Я кивнул, хотя и не совсем понятны были его слова. Но я верил ему, как самому себе.
…Я провожал его взглядом, и он обернулся. Мне запомнились пушистые рыжие усы, доброе лицо и продолговатые большие глаза. Махнул рукой вперед и поскакал, а я смотрел вслед, пока воздух росистого рассвета не растворил движение красного от восхода коня, а потом зеленый туман кустов не скрыл и всадника.
Скоро поднялась паром роса. Неколебим, тих, долог был иззаоблачный свет. К вечеру тревога разлилась вокруг, овладела полем, приглушила голос травы. На исходе ночи загремела вдали канонада. По раннему серому облаку рассыпались огнецветные ракетные отблески. Но вот прервался пространный напев орудий. Смолкло эхо.
И тогда всколыхнулась земля перед нами. Тяжело ударили минометы, больно хлестнул горячий вихрь, полчаса овевавший окопы, несший осколки, заставлявший все и вся говорить, моля о пощаде, о тишине. Комья глины летали и ползали, точно шмели.
Отплескалось море огня, вдаль укатил огнедышащий вал, пришло молчание. Из молчания возник шорох, трепет пробежал по былинкам — это Тороков уходил на восток, уходил от неминуемой атаки, от пуль, от страха. Я поднял винтовку. Но видел ли он тот амбар у калужской дороги? В этом было все дело.
'Уг-ху, уг-ху!' — зловеще вскричал потревоженный филин и прикрыл глаза мои темными крылами. Или это в голове моей помутилось?.. Пришло воспоминание. Передо мной была дверь, обитая ржавым железом. Девушка еще дышала, когда свет проник к ее изголовью, а глаза уже гасли, умирали. Долго шел я к ней по земляному полу, хотя нужны были лишь семь мужских шагов. На животе ее горячая спица выжгла надпись: 'Очаровательная партизанка Людмила Хлебникова, собственность батальона СС'. Сквозь матовую кожу груди и ног проступала татуировка: инициалы, фамилии. В углу амбара тлели угли. Наверное, они привезли ее туда — во всяком случае, в деревне никто не знал ее. Может быть, они долго возили ее с собой. И не раз потом память вела меня по дороге нашего первого зимнего наступления — к калужской деревне.
Так помнил ли Тороков это имя: Людмила Хлебникова?
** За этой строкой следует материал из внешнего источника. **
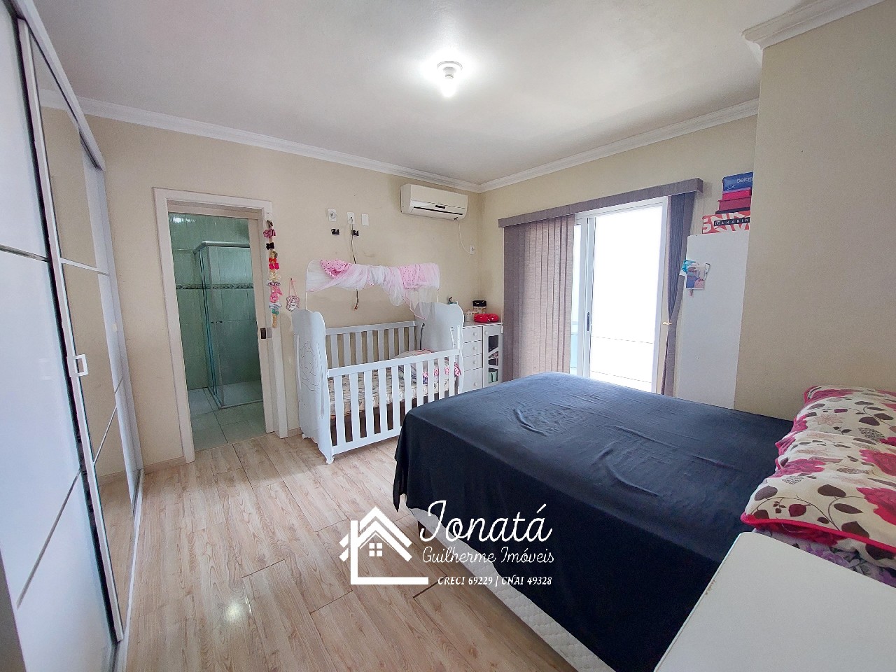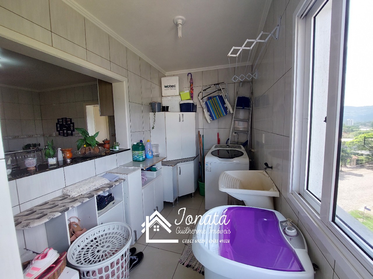 O apartamento é uma cobertura, com 200m², composto de 2 dormitórios, sendo um suíte, 1 banheiro social, sala e cozinha amplas. Sacadas em todos os dormitórios, inclusive na sala. Área de serviço, churrasqueira e um box de garagem coberto.
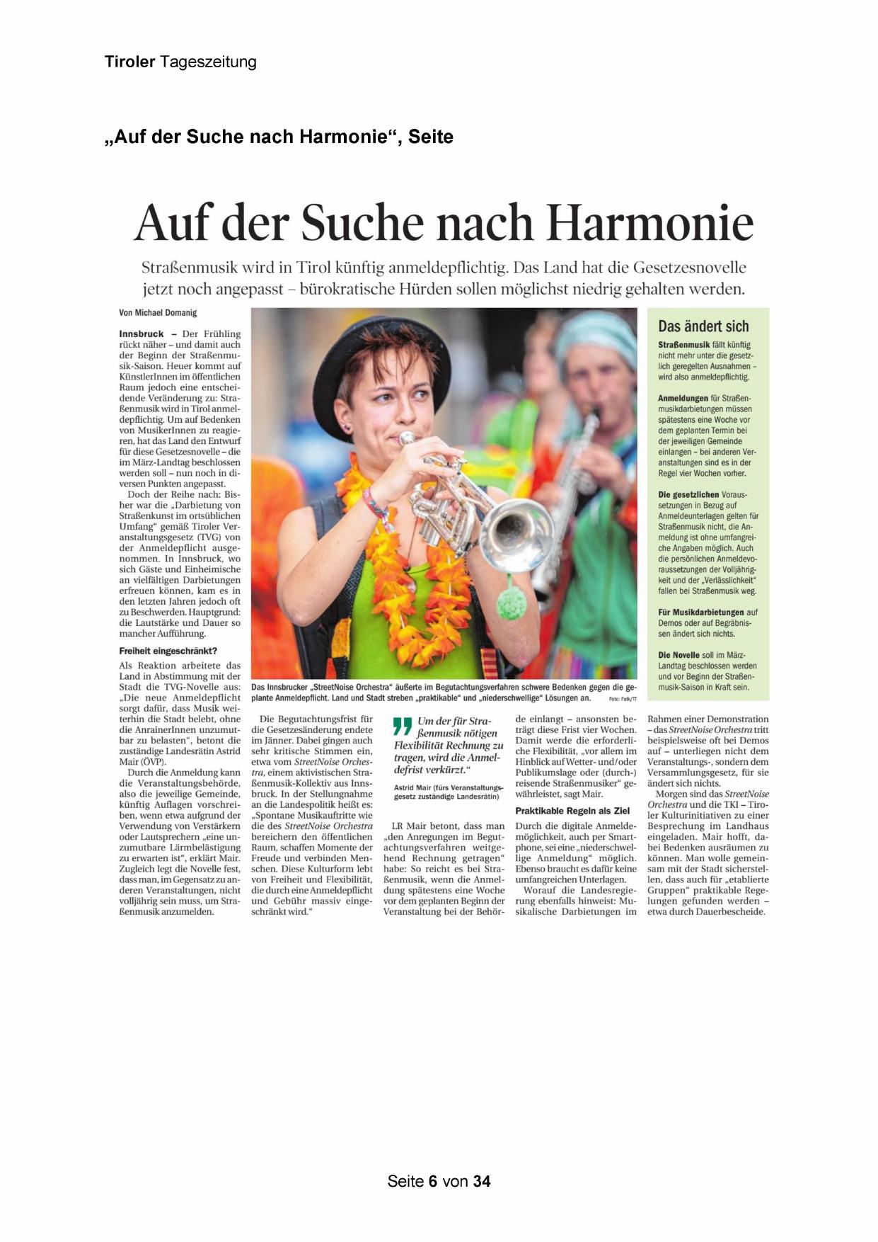 Raum jedoch eine entscheidende Veränderung zu: Straßenmusik wird in Tirol anmeldepflichtig. Um auf Bedenken

Несколько мгновений я колебался. Но я был уверен в другом: не мог он забыть старуху с детьми. Они вышли из леса, встречая нас, и на их лицах не было ни слез, ни улыбок. Да, он видел старуху и видел детей. Я прицелился. Выстрел остановил его. Медленно, нехотя упал Тороков в зеленоватый полусумрак. Многажды вызвенит осенний ветер мелодию смерти на его костях, но не будет ему места в песне людей.
Поле оживало. Подняв снайперскую винтовку, я наблюдал: квадраты стальных граней тяжелыми каплями ртути вплывали в ее прицел — танки. Маячили, покачиваясь на ходу, их панцири; поднимались и опускались пушки циклопьи глаза; гусеницы — крокодильи зубы — жевали землю. За танками шли автоматчики.